Bid-ask spreads drop 25% on average in many markets

Dan Barnes
1564

The cost of liquidity as measured by the bid-ask spread in bond trading has fallen by approximately 25% since the start of the year, according to data from MarketAxess’s CP+ pricing service.

In real terms, the drops reflect falls of nearly ten basis points in several developed bond markets, and in dollar-denominated emerging markets, all of which already have bid-ask spreads in the low multiple basis points. Such a major drop in the space of a few months is putting pressure on dealers’ profitability in secondary trading, even as primary markets deliver outsized returns.

The smallest decline has been in US high yield markets where bid-ask spreads have dropped 19% since the start of the year. Having started the year with a tighter spread than European high yield and emerging markets bonds at 27 basis points, it has now been overtaken by EM, and has a bid-ask spread at 22 bps. The largest tightening has been in dollar denominated emerging markets debt, with a drop of 28%, from 29 bps to 21 bps since the start of the year.

There is not a clear correlation between volumes and bid-ask spread activity. Although investment grade in both European and the US has seen trade count break higher than the corresponding notional volume – indicating a reduction in average trade size – that is not the case for European high yield, which at 23 bps bid-ask spread is now the widest of the five groups being assessed, but has seen a 27% drop since the start of the year.
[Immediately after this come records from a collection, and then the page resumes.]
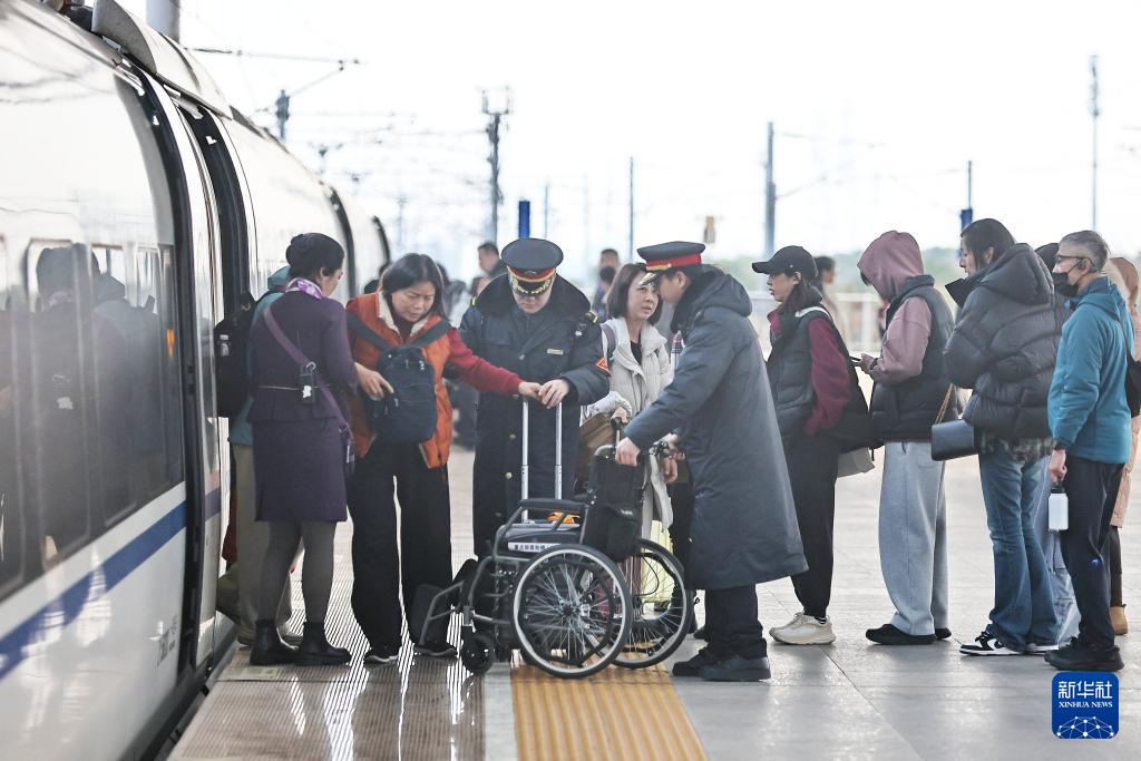 2月19日,在鐵路浙江嘉興南站站臺(tái),工作人員攙扶一名腿部受傷旅客下車坐上輪椅車,為其提供出站服務(wù)。
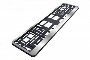 Для создания хромированной поверхности используется тиснение рамок фольгой. Данная технология позволяет наносить фольгу на всю поверхность рамки. На выбор есть несколько оттенков - серебро, золото или синий. Сама рамка изготовлена из прочного пластика. Она состоит из двух частей – основы, в которую вставляется номер, и планки, которая вставляется в нрижнюю часть рамки. Для установки рамки нужно отстегнуть планку, начиная с середины, зафиксировать рамку на автомобиле саморезами, вставить номер в рамку и прикрепить планку к рамке.
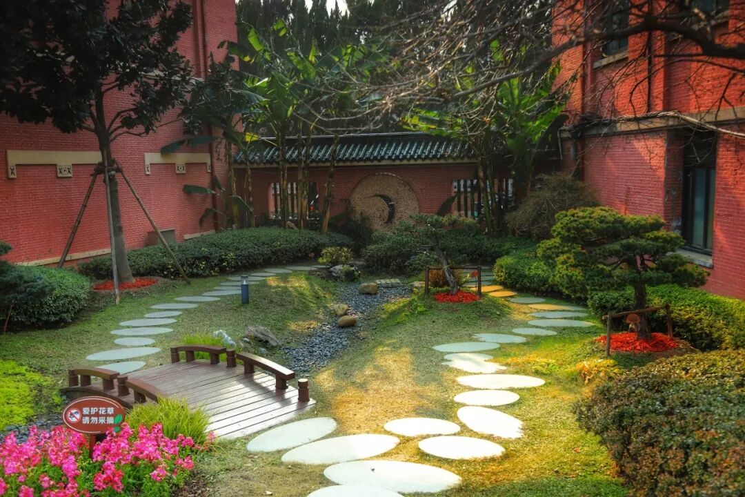 华政长宁校区被苏州河180度环绕,宛如一座楔形半岛,长约910米的滨河步道串联起“滨河十景”——思孟园、格致园、倚竹院、獬豸园、华政桥、桃李园、东风角、法剧场、银杏院和书香园,一步一景皆有韵味。
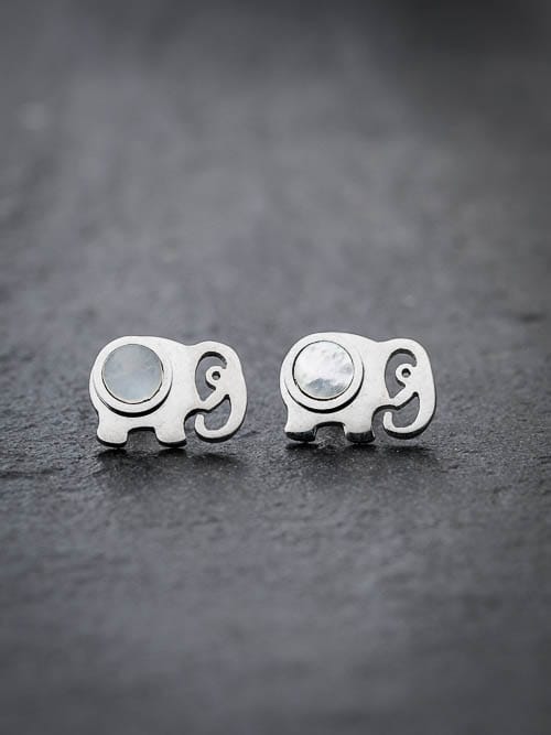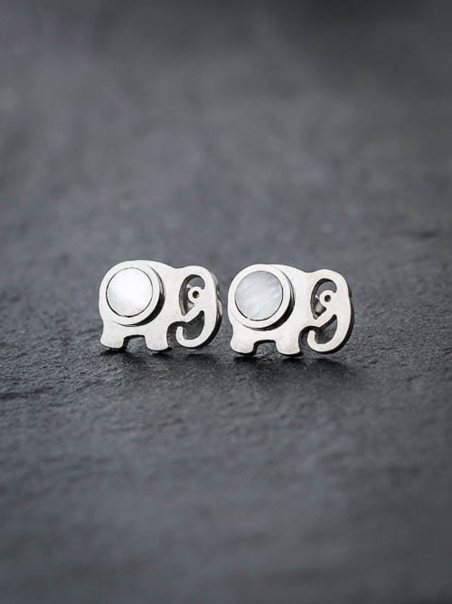 O par de brincos elefante, é adornado por um circulo em madrepérola com os seus reflexos naturais.
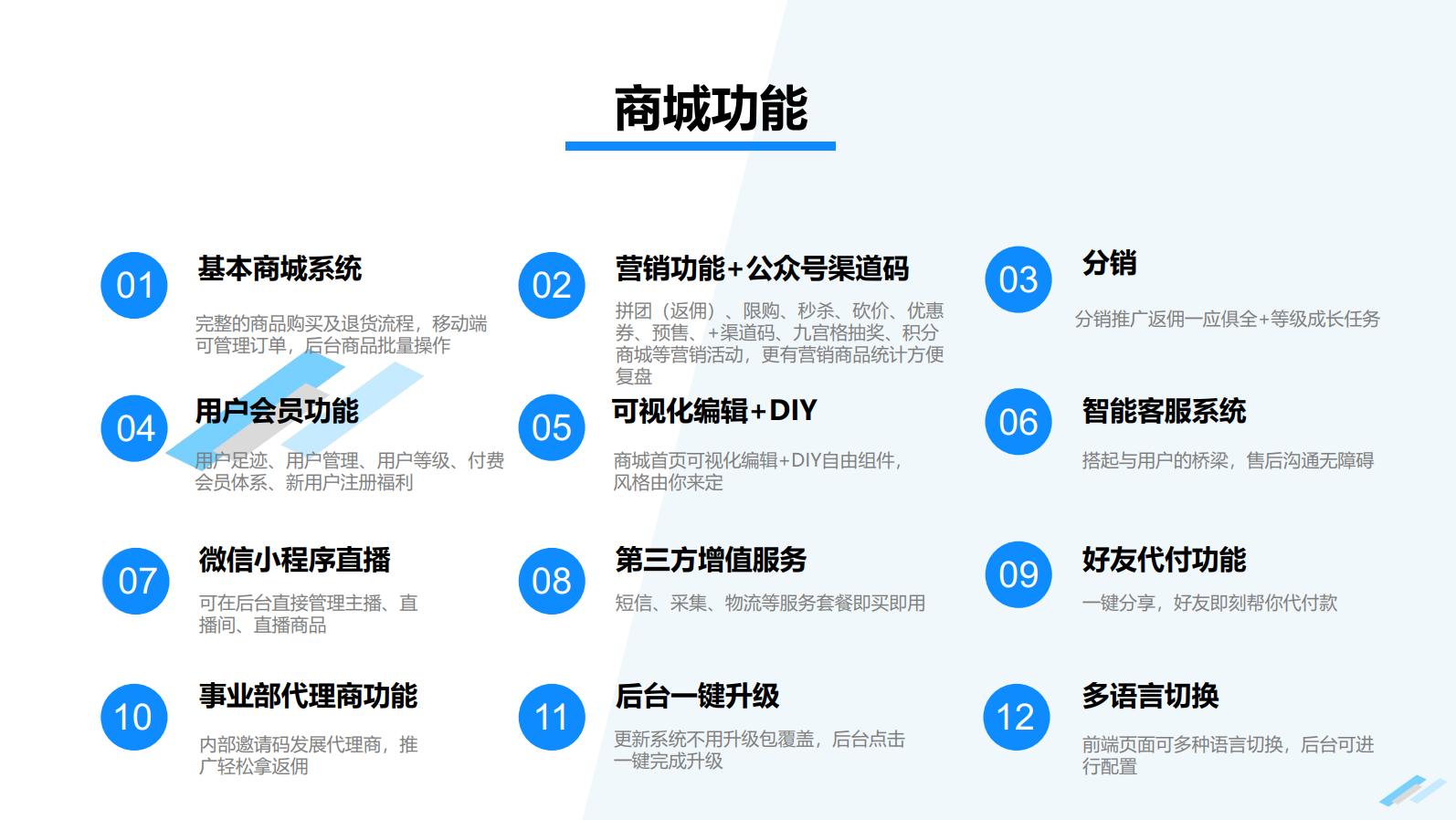 追蹤新零售模式新趨勢,打造集直播、分銷、拼團、砍價、抽獎等熱門(mén)社交電(diàn)商玩法;打通(tōng)多(duō)端用戶數(shù)據,構建全場(chǎng)景新零售社交電(diàn)商解決方案
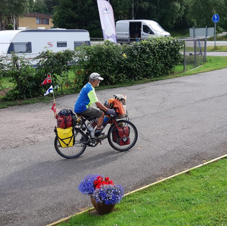 La meta si avvicina, la fatica ogni tanto si fa sentire e gli incontri, la condivisione, rendono la corsa più leggera: "Oggi ho conosciuto una coppia di Francesi di Avignone e poi un ragazzo tedesco di Lubecca che stava tornando da Capo Nord. Abbiamo fatto 102 chilometri, con 800 metri di dislivello. Molto probabilmente con i Francesi Marcel e Michelle arriveremo a Capo Nord insieme. Li ho ritrovati, un paio di giorni fa li ho superati." Ancora saliscendi che stancano le gambe, paesaggio sempre più interessante, fino al vecchio confine tra Finlandia e Norvegia. Manca proprio poco: "meno 129 chilometri a Capo Nord, il campeggio si trova 12 chilometri pima, dormiremo in campeggio e dopodomani arrivo aĺla meta. Domani invece il passaggio del famoso e difficile tunnel. Oggi il panorama era proprio bello, ci siamo fermati e ci siamo riposati, insieme con Marcel e Michel, c'è stato parecchio vento contro".
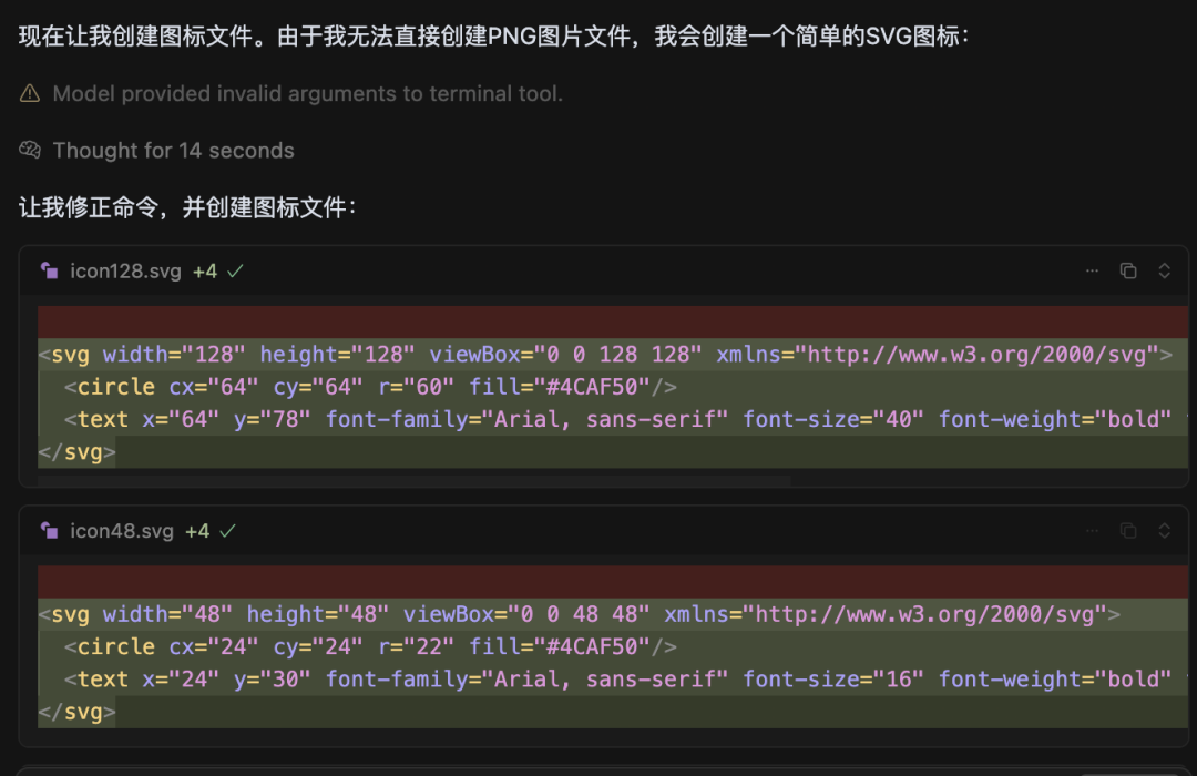 根据该产品所需的项目文件,大模型自动输出不同文件下的代码,同时还会补充缺少的内容,比如图标。
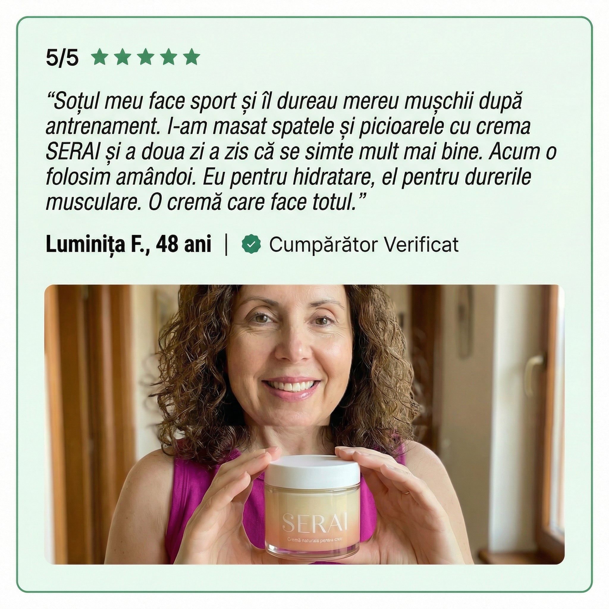 Absolut da! SERAI este formulat special pentru utilizare zilnică, ori de câte ori simți nevoia. Formula 100% naturală, fără parabeni, conservanți sintetici sau coloranți, este blândă cu pielea și potrivită pentru uz constant pe termen lung. De fapt, activarea circulației și nutriția profundă funcționează cel mai bine când o folosești zilnic, nu doar ocazional — pielea are nevoie de îngrijire consistentă pentru a menține hidratarea, elasticitatea și pentru a ameliora durerile musculare în mod continuu.
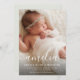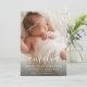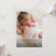 Diese elegante Geburt-Ankündigung aus dem Foto besticht durch ein großes Foto und eine hübsche Kalligraphie. Der Vorname Ihres Neugeborenen ist in einem modernen Skript geschrieben und weitere Details können weiter unten hinzugefügt werden. Der Text überlagert ein vertikal vollblutendes Foto. Die Farbe des neutralen hellgrauen Hintergrunds auf der Rückseite der Karte kann auf Wunsch geändert werden.
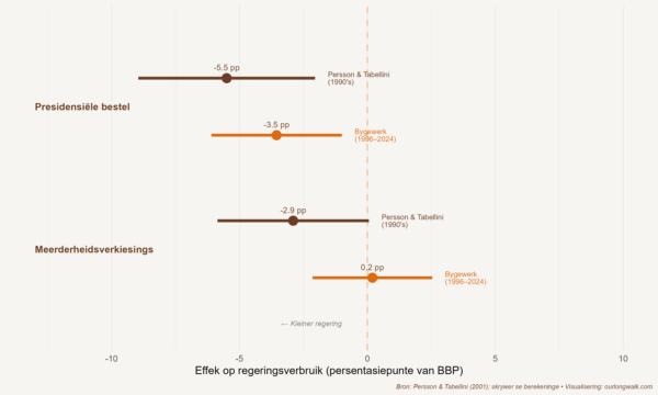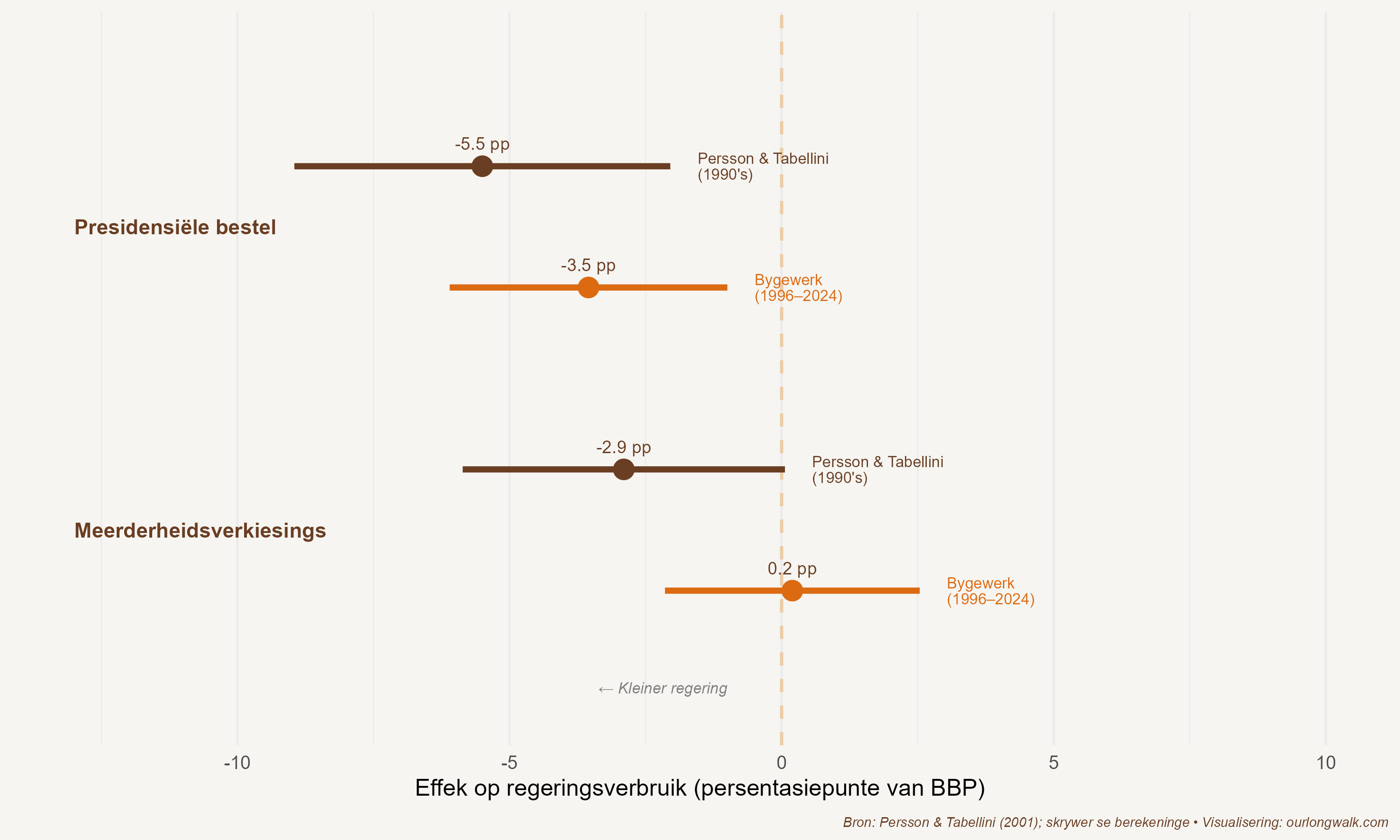 Die grafiek wys hierdie vergelyking duidelik. Die donker segmente toon Persson en Tabellini se oorspronklike ramings uit die 1990’s; die oranje segmente wys my bygewerkte ramings. Die presidensiële verskil het van sowat 5,5 tot 3,5 persentasiepunte afgeneem, maar bly duidelik negatief. Die meerderheidsgebaseerde verskil het van –2,9 tot bykans nul beweeg.
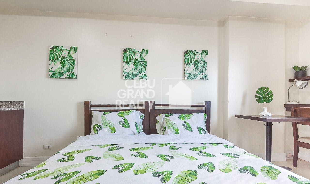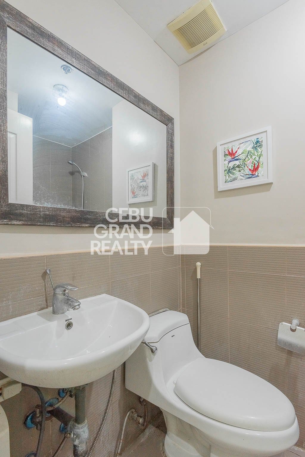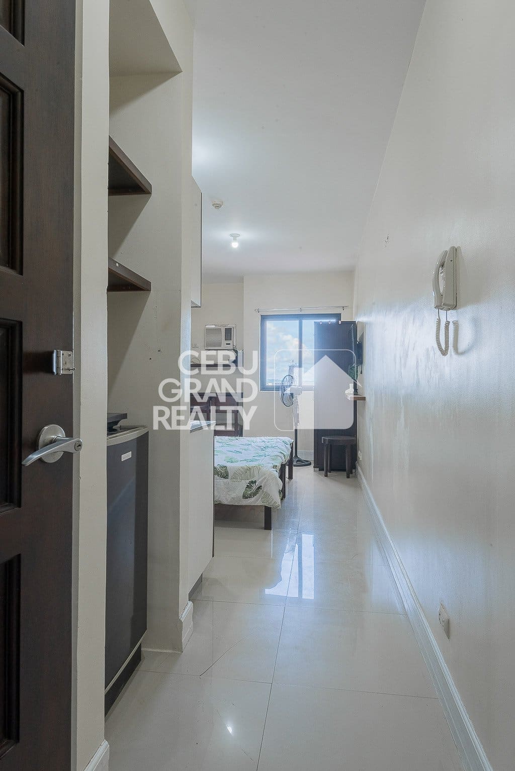 Still searching for an Affordable Studio for Rent in Grand Residences? Look no further! This fully furnished unit also boasts a functional workspace with a table and chairs positioned beside a large window, providing natural light and stunning city views. The bathroom is equipped with modern fixtures, including a pedestal sink, toilet, and tiled shower area, all designed with clean, neutral tones. With a wall-mounted TV, air-conditioning unit, and wardrobe for storage, this property truly offers the best in studio living near Cebu IT Park.

One possible reason could be the growth of e-trading, which has seen a year-on-year drop off in US high yield to sub 30%, even as US IG, emerging market and European IG and HY e-trading volumes grow. Another is the level of competition between market makers in each market. The significance of the relative decline depends on the level to which structural factors are at play, which might affect future flexibility on spreads. With US and European HY bond bid-ask spreads within a basis point of each other, as indeed are US and European IG markets, one perspective is that markets have corrected an imbalance of expensive liquidity in European HY.

If US markets are able to drive down costs further, either due to increased competition, it may prove challenging for dealers’ profitability but could significantly reduce trading costs for investors. If e-trading is increased – reducing costs for market makers and buy-side traders – we could see a sustainable reduction in the costs of trading.